Soon after Sweden opened the Second Northern War in the Baltic by attacking the Polish-Lithuanian Commonwealth, the Dutch moved to take advantage and an armed squadron of ships under the direction of Director-General Peter Stuyvesant seized New Sweden. The Dutch moved an army to the Delaware River in the summer of 1655, easily capturing Fort Trinity and Fort Christina. The Swedish settlement was incorporated into Dutch New Netherland on September 15, 1655. Initially, the Swedish and Finnish settlers continued to enjoy local autonomy, retaining their own militia, religion, court, and lands.

This status lasted officially until the English conquest of the New Netherland colony was launched on June 24, 1664. The Duke of York sold the area that is today New Jersey to John Berkeley and George Carteret for a proprietary colony, separate from the projected New York. The actual invasion started on August 29, 1664, with the capture of New Amsterdam. The invasion concluded with the capture of Fort Casimir (New Castle, Delaware) in October 1664. The invasion was conducted at the start of the Second Anglo-Dutch War.
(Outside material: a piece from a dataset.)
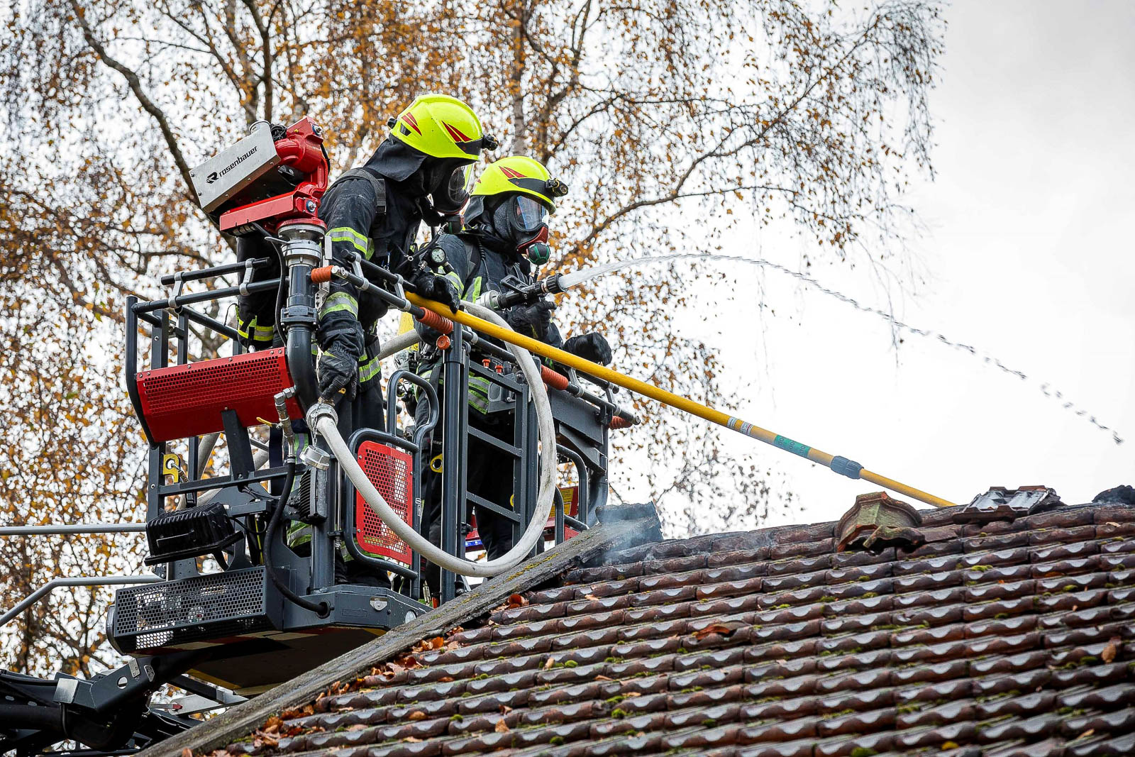 Zahlreiche Atemschutzgeräteträger wurden zur Brandbekämpfung, teils über die beiden alarmierten Drehleiterfahrzeuge, zum Einsatz gebracht. Um das Feuer und die Glutnester löschen zu können, musste an manchen Stellen das Dach geöffnet werden. Die Löschmaßnahmen dauerten bis in die späten Nachmittagsstunden. Der ebenfalls alarmierte Rettungsdienst musste nicht eingreifen. Verletzt wurde niemand. Die Polizei hat bereits die Ermittlungen aufgenommen. Einer ersten Schätzung nach ist ein Schaden in Höhe von rund 500.000 Euro entstanden. Hob

The status continued unofficially until the area was included in William Penn's charter for Pennsylvania, on August 24, 1682. During this later period some immigration and expansion continued. The first settlement at Wicaco, a Swedish settlers' log blockhouse located below Society Hill, was built in present-day Philadelphia in 1669. It was later used as a church until about 1700, when Gloria Dei (Old Swedes') Church of Philadelphia was built on the site.